§ YOUR OBJECTIVE
Drop the pictures from the entries below, then reproduce the rest exactly.

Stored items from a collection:
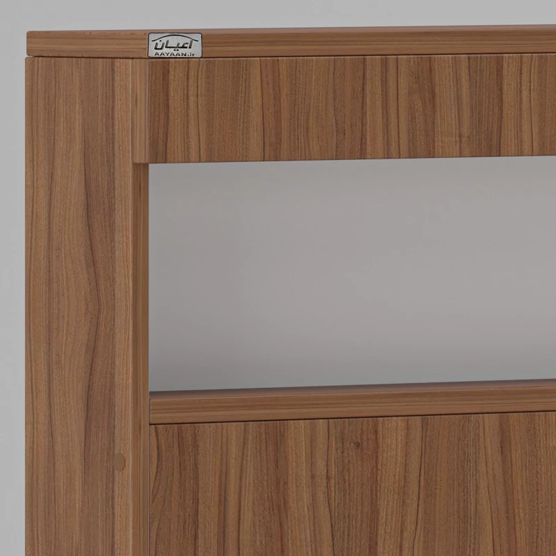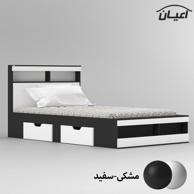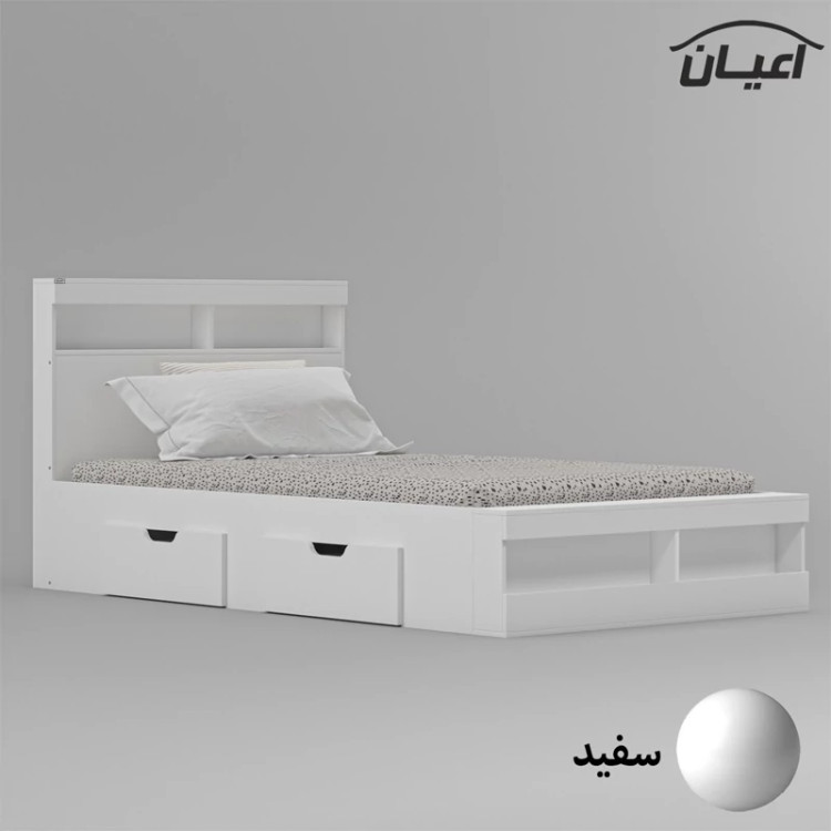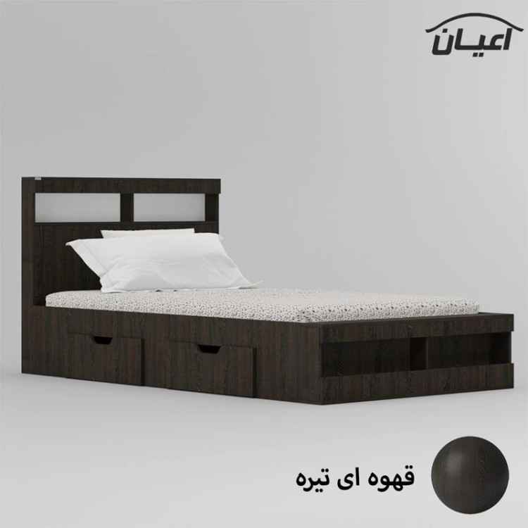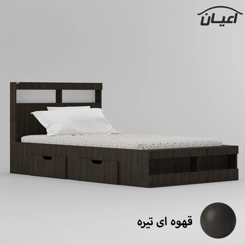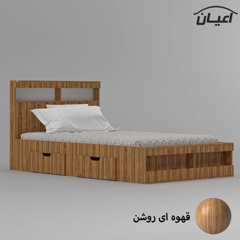 تخت خواب یکنفره اعیان-جنس مغزی نئوپان با روکش ملامینه شرکتی-کالا دارای یک باکس در قسمت کلگی بالا و یک باکس قسمت کلگی پایین است-دارای دو کشو چرخدار-کشو ها امکان جابجایی به طرفین را دارد-دستگیره کشو ها به صورت سی ان سی منحنی می باشد
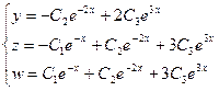 Эта система дифференциальных уравнений не относится к рассмотренному выше типу, т.к. не является однородным (в уравнение входит независимая переменная х).
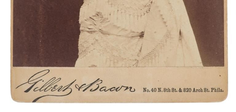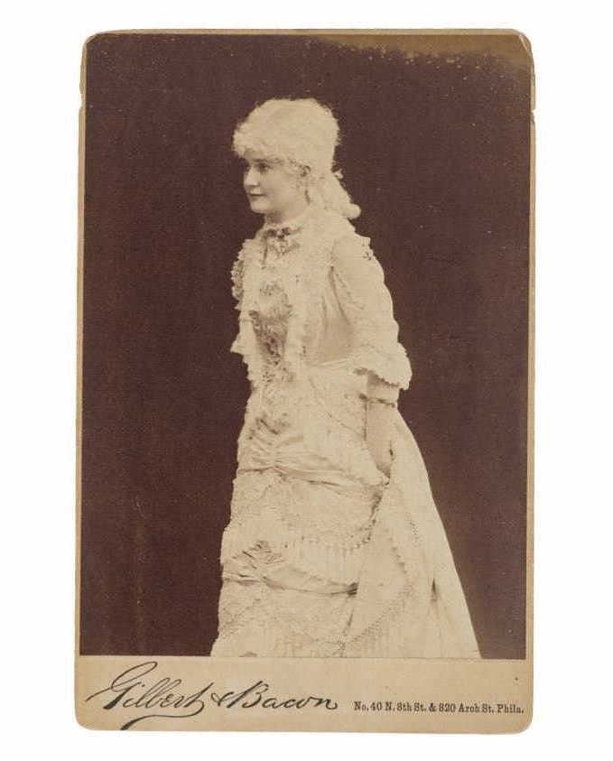 Featured in this lot is this Gilbert & Bacon "Lotta Crabtree" cabinet card circa 19th century; Provenance: From the Tombstone Western Heritage Museum in Tombstone, Arizona. This cabinet card features a wonderfully and professionally crafted construction that shows the actress Lotta Crabtree posing in a fancy dress and her hair done up. The cabinet card is marked as follows: Gilbert & Bacon - No. 40 N. 8th St. & 820 Arch St. Phila. Charlotte Mignon "Lotta" Crabtree (November 7, 1847 – September 25, 1924), also known mononymously as Lotta, was an American actress, entertainer, comedian, and philanthropist. Born in New York City and raised in the gold mining hills of Northern California, she rose to fame as a child performer. Crabtree became one of the wealthiest and most beloved American entertainers of the late 19th century. From her beginnings as a 6-year-old until her retirement at age 45, she entertained and was named "The Nation's Darling". Her life story was filmed as Golden Girl (1951), starring Mitzi Gaynor. The condition of this Gilbert & Bacon cabinet card is well preserved with some wear to the top right hand corner and shows some browning to the cabinet card due to age but otherwise shows a well preserved condition. The measurements of this cabinet card is 6 1/2" x 4 1/4". P220. Previously valued at $2,500.
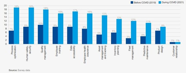 특히, 조사에 참여한 중소기업은 코로나19 가운데 디지털 기술을 도입하고 있는 분야로 작업 최적화(19%)와 근로자 안전과 보안(19%)을 가장 높게 꼽았다. 또 응답자의 18%는 품질관리, 17%는 데이터 접근성, 16%는 근로자 교육에 디지털 기술을 활용하고 싶다고 답했다.
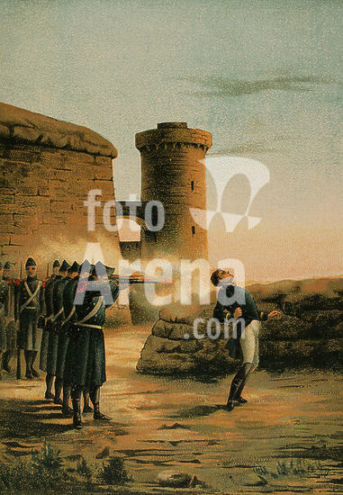 alb5564873 Luis Lacy Gautier (1775-1817). Spanish general who stood out for his actions in Catalonia during the Peninsular War. He was executed by firing squad on 5 July 1817 at Bellver Castle in Palma de Mallorca. Execution of General Lacy. Chromolithography. "Historia de la Revolución Española" (desde la Guerra de la Independencia a la Restauración en Sagunto), by Vicente Blasco Ibáñez. Volume I. Published in Barcelona, 1890.
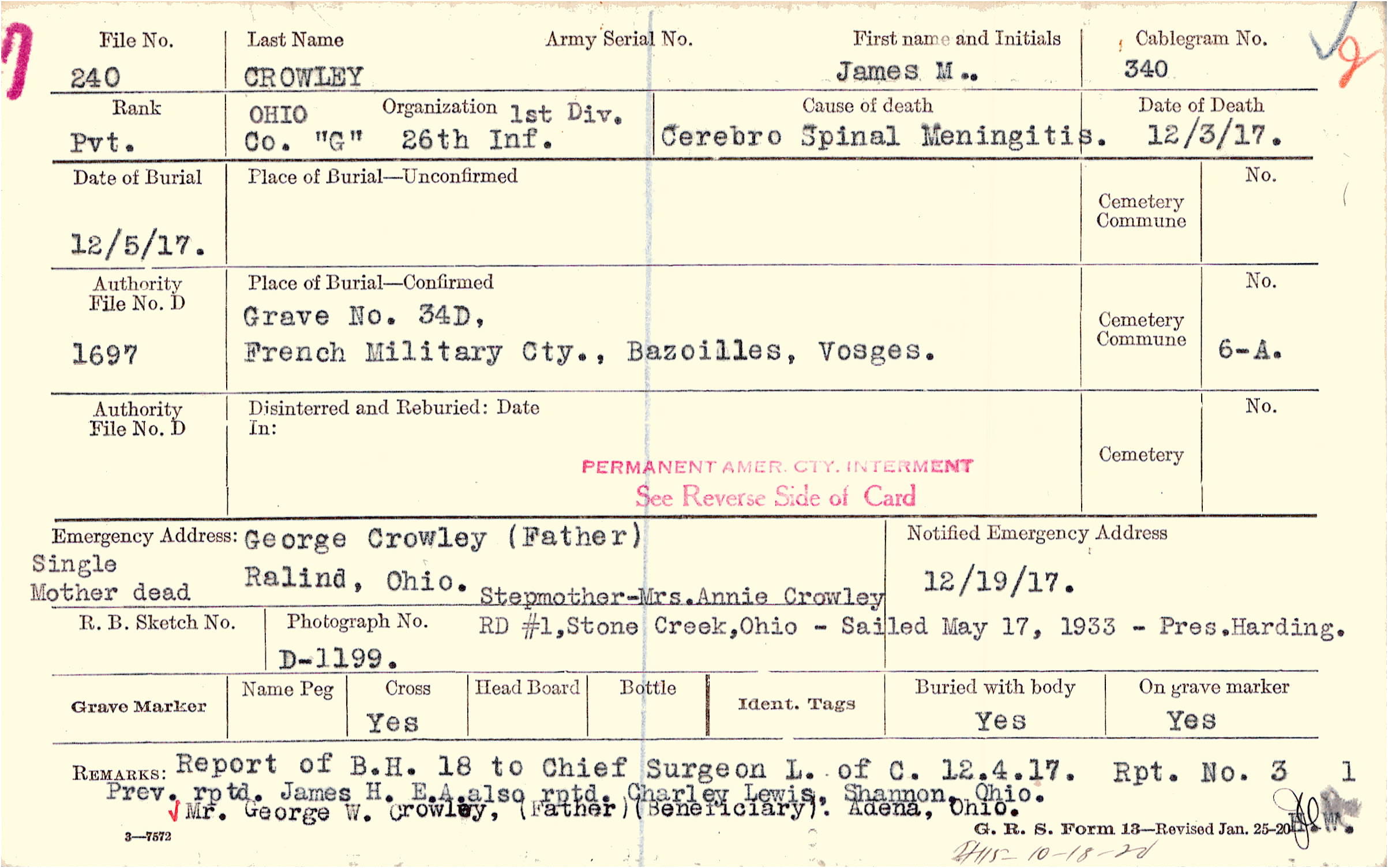 Report of B.H. 18 to Chief Surgeon L. of C. 12.4.17. Rpt. No. 3 Prev. rptd. James H. E.A. also rptd. Charley Lewis, Shannon, Ohio. Mr. George W. Crowley, (Father) (Beneficiary) Adena, Ohio., F#115-10-18-20

§ WORKED SOLUTION
 تخت خواب یکنفره اعیان-جنس مغزی نئوپان با روکش ملامینه شرکتی-کالا دارای یک باکس در قسمت کلگی بالا و یک باکس قسمت کلگی پایین است-دارای دو کشو چرخدار-کشو ها امکان جابجایی به طرفین را دارد-دستگیره کشو ها به صورت سی ان سی منحنی می باشد
 Эта система дифференциальных уравнений не относится к рассмотренному выше типу, т.к. не является однородным (в уравнение входит независимая переменная х).
 Featured in this lot is this Gilbert & Bacon "Lotta Crabtree" cabinet card circa 19th century; Provenance: From the Tombstone Western Heritage Museum in Tombstone, Arizona. This cabinet card features a wonderfully and professionally crafted construction that shows the actress Lotta Crabtree posing in a fancy dress and her hair done up. The cabinet card is marked as follows: Gilbert & Bacon - No. 40 N. 8th St. & 820 Arch St. Phila. Charlotte Mignon "Lotta" Crabtree (November 7, 1847 – September 25, 1924), also known mononymously as Lotta, was an American actress, entertainer, comedian, and philanthropist. Born in New York City and raised in the gold mining hills of Northern California, she rose to fame as a child performer. Crabtree became one of the wealthiest and most beloved American entertainers of the late 19th century. From her beginnings as a 6-year-old until her retirement at age 45, she entertained and was named "The Nation's Darling". Her life story was filmed as Golden Girl (1951), starring Mitzi Gaynor. The condition of this Gilbert & Bacon cabinet card is well preserved with some wear to the top right hand corner and shows some browning to the cabinet card due to age but otherwise shows a well preserved condition. The measurements of this cabinet card is 6 1/2" x 4 1/4". P220. Previously valued at $2,500.
 특히, 조사에 참여한 중소기업은 코로나19 가운데 디지털 기술을 도입하고 있는 분야로 작업 최적화(19%)와 근로자 안전과 보안(19%)을 가장 높게 꼽았다. 또 응답자의 18%는 품질관리, 17%는 데이터 접근성, 16%는 근로자 교육에 디지털 기술을 활용하고 싶다고 답했다.
 alb5564873 Luis Lacy Gautier (1775-1817). Spanish general who stood out for his actions in Catalonia during the Peninsular War. He was executed by firing squad on 5 July 1817 at Bellver Castle in Palma de Mallorca. Execution of General Lacy. Chromolithography. "Historia de la Revolución Española" (desde la Guerra de la Independencia a la Restauración en Sagunto), by Vicente Blasco Ibáñez. Volume I. Published in Barcelona, 1890.
 Report of B.H. 18 to Chief Surgeon L. of C. 12.4.17. Rpt. No. 3 Prev. rptd. James H. E.A. also rptd. Charley Lewis, Shannon, Ohio. Mr. George W. Crowley, (Father) (Beneficiary) Adena, Ohio., F#115-10-18-20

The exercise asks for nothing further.